INPUT DATA Start Marker
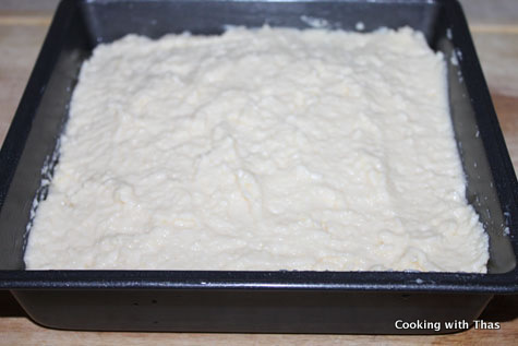 - Add the semolina mixture to the buttermilk and sugar, combine well using a spatula.
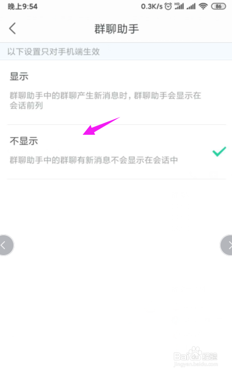 【群聊助手】默认是【显示】的,泥缝够如图。
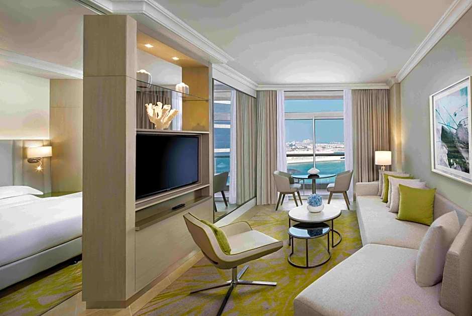Guests at Beach Rotana can enjoy a range of amenities such as a spa, wellness packages, private beach area, and an outdoor swimming pool. Kids can splash around in the children's pool while adults relax in the Turkish steam bath or sauna. The hotel also offers a fitness center, tennis court, and various dining options including room service and kids' meals. Free Wi-Fi, parking, and air conditioning add to the convenience of this luxurious stay.
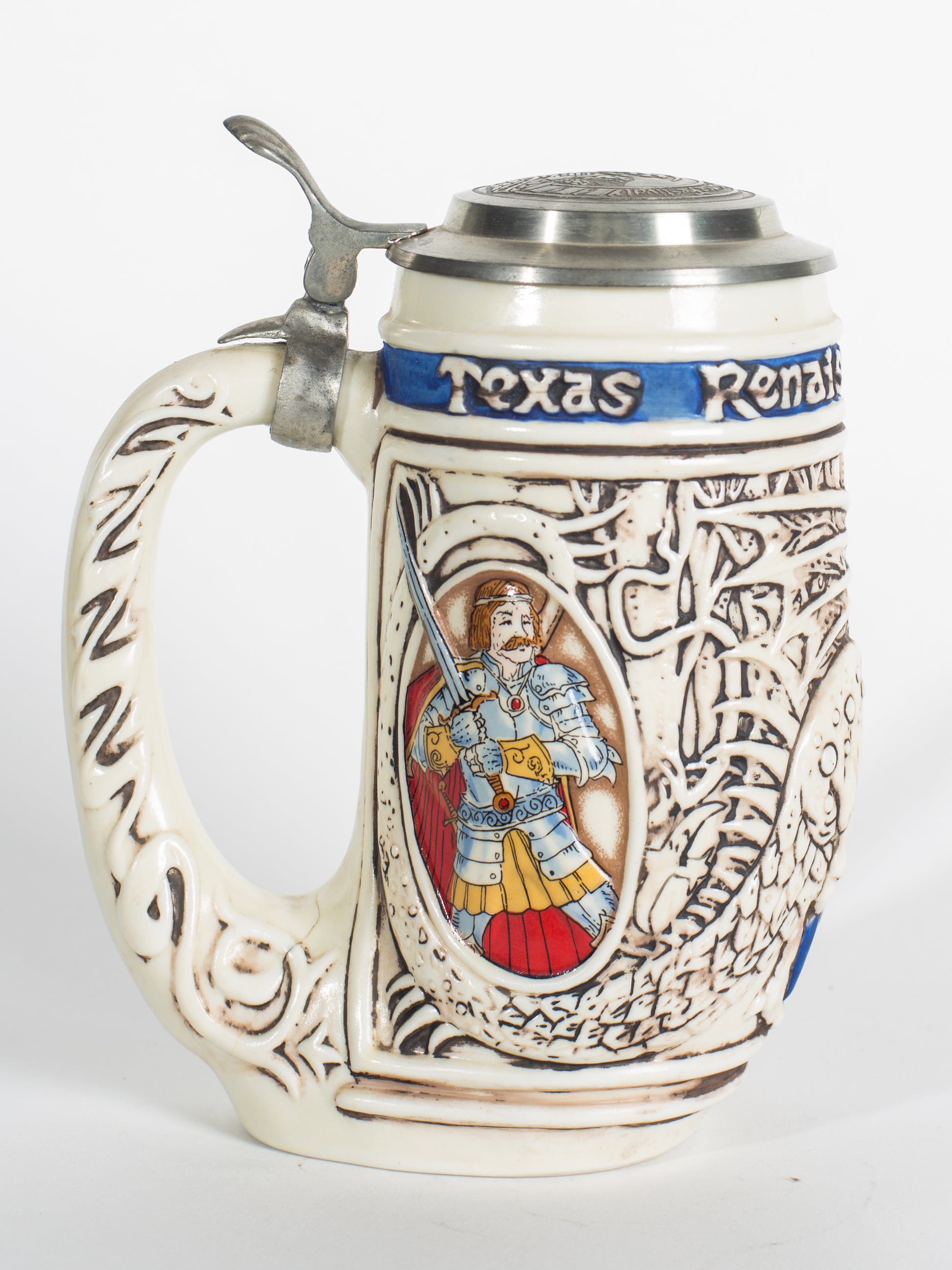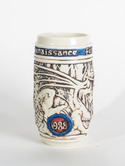 This Collectible ceramic tankard is designed with the true spirit of the DragonSlayer. Showing our most brave knight in pursuit of a retreating dragon, as his lady love looks on, this hand painted molding certainly brings to life the Renaissance. Collectible not only for its age, but also its design.
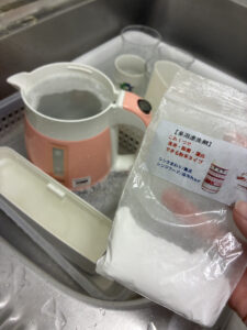 洗剤とお湯を入れて、しばらく「つけ置き」。
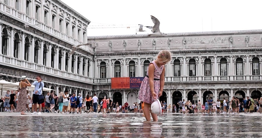 當(dāng)?shù)貢r間2023年8月4日,意大利威尼斯,兒童在積水中玩耍。
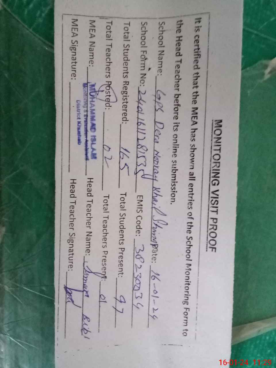 | Attendance Register | Head Teacher | MEA with School | Visit Proof |
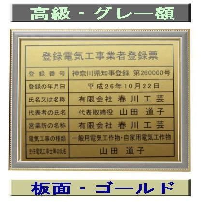 登録電気工事業者登録票【本物のコールド以上の輝き】グレー額入り・板面はゴールドペーパー/登録電気工事業者登録票 お洒落な登録電気工事業者登録票 額入
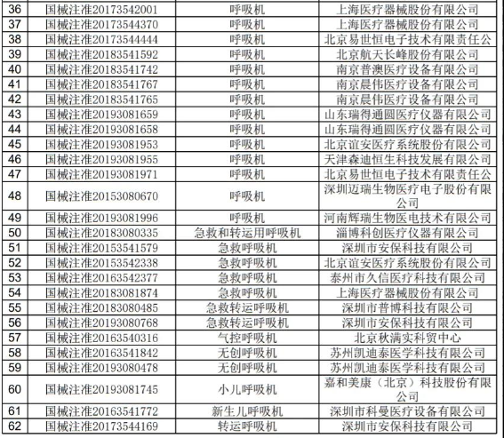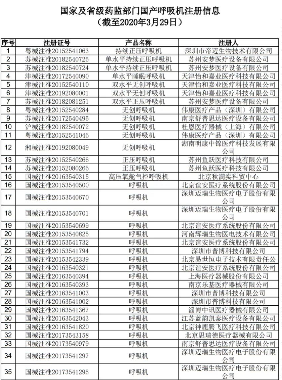 附:國產呼吸機注冊信息,來源于國家藥監局官網
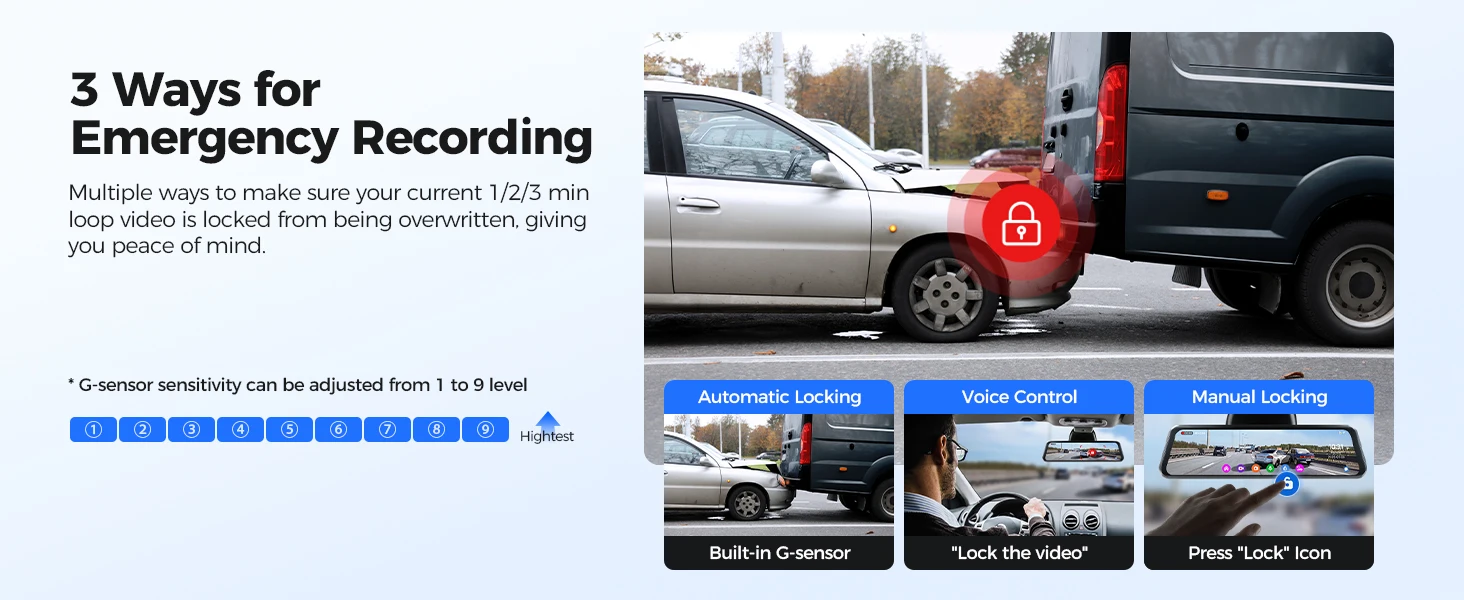 Built-in time-lapse parking mode (requires hardwire kit*) monitors your vehicle 24/7 while saving storage space. Loop recording auto-overwrites old footage but locks critical events like collisions.
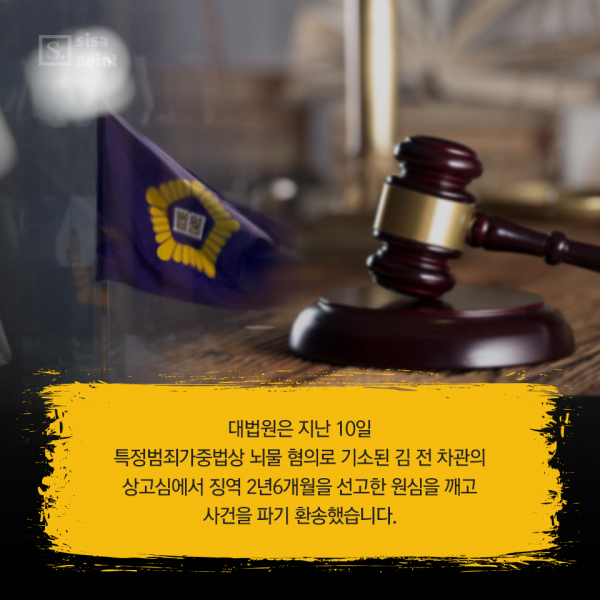 3. 대법원은 지난 10일 특정범죄가중법상 뇌물 혐의로 기소된 김 전 차관의 상고심에서 징역 2년6개월을 선고한 원심을 깨고 사건을 파기 환송했습니다.
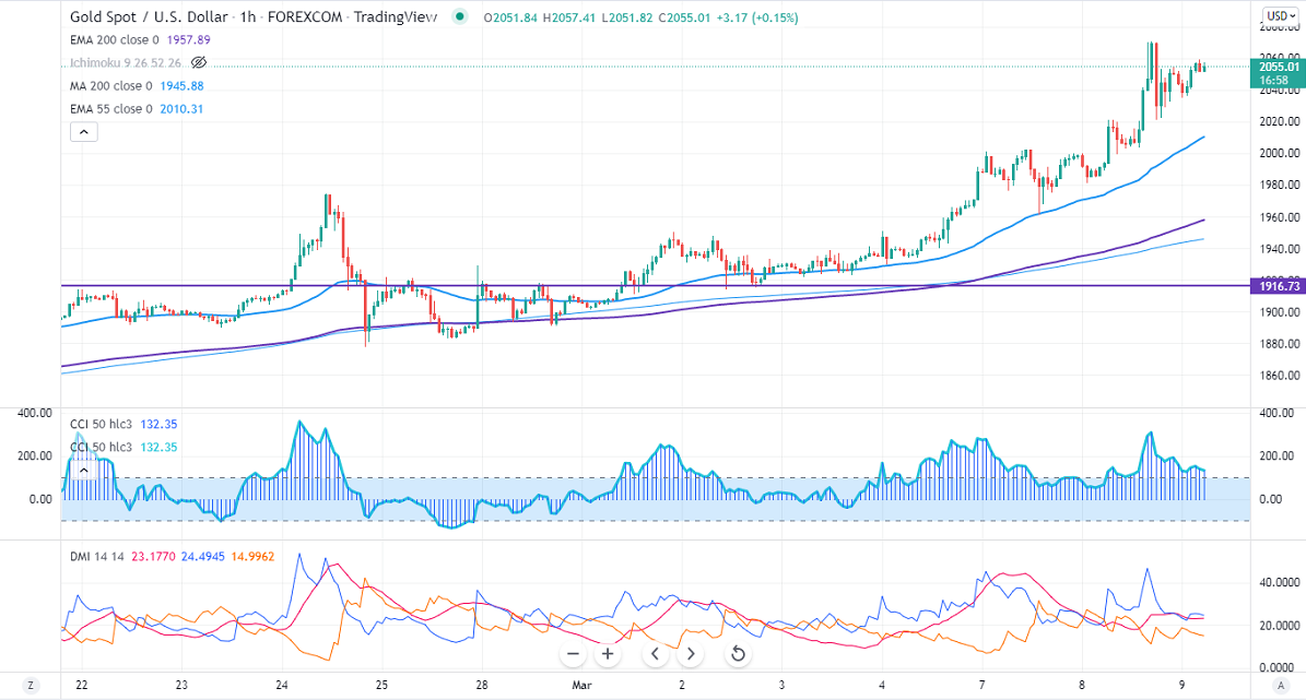 Gold hits a record high at $2070 on geopolitical tension. The war between Russia and Ukraine has increased the demand for safe-haven assets like Gold. The yellow metal gave of some of its gains due to profit booking and a minor pullback in the equity market. The surge in oil price on account of sanctions on Russia by the US and UK supports precious metals. Gold hits an intraday high of $2059 and is currently trading around $2054.50.
INPUT DATA End Marker
PROBLEM REQUIREMENTS —
Since only the text is needed, retype the data above exactly and omit the pictures.

ANSWER SPACE —
 - Add the semolina mixture to the buttermilk and sugar, combine well using a spatula.
 【群聊助手】默认是【显示】的,泥缝够如图。
Guests at Beach Rotana can enjoy a range of amenities such as a spa, wellness packages, private beach area, and an outdoor swimming pool. Kids can splash around in the children's pool while adults relax in the Turkish steam bath or sauna. The hotel also offers a fitness center, tennis court, and various dining options including room service and kids' meals. Free Wi-Fi, parking, and air conditioning add to the convenience of this luxurious stay.
 This Collectible ceramic tankard is designed with the true spirit of the DragonSlayer. Showing our most brave knight in pursuit of a retreating dragon, as his lady love looks on, this hand painted molding certainly brings to life the Renaissance. Collectible not only for its age, but also its design.
 洗剤とお湯を入れて、しばらく「つけ置き」。
 當(dāng)?shù)貢r間2023年8月4日,意大利威尼斯,兒童在積水中玩耍。
 | Attendance Register | Head Teacher | MEA with School | Visit Proof |
 登録電気工事業者登録票【本物のコールド以上の輝き】グレー額入り・板面はゴールドペーパー/登録電気工事業者登録票 お洒落な登録電気工事業者登録票 額入
 附:國產呼吸機注冊信息,來源于國家藥監局官網
 Built-in time-lapse parking mode (requires hardwire kit*) monitors your vehicle 24/7 while saving storage space. Loop recording auto-overwrites old footage but locks critical events like collisions.
 3. 대법원은 지난 10일 특정범죄가중법상 뇌물 혐의로 기소된 김 전 차관의 상고심에서 징역 2년6개월을 선고한 원심을 깨고 사건을 파기 환송했습니다.
 Gold hits a record high at $2070 on geopolitical tension. The war between Russia and Ukraine has increased the demand for safe-haven assets like Gold. The yellow metal gave of some of its gains due to profit booking and a minor pullback in the equity market. The surge in oil price on account of sanctions on Russia by the US and UK supports precious metals. Gold hits an intraday high of $2059 and is currently trading around $2054.50.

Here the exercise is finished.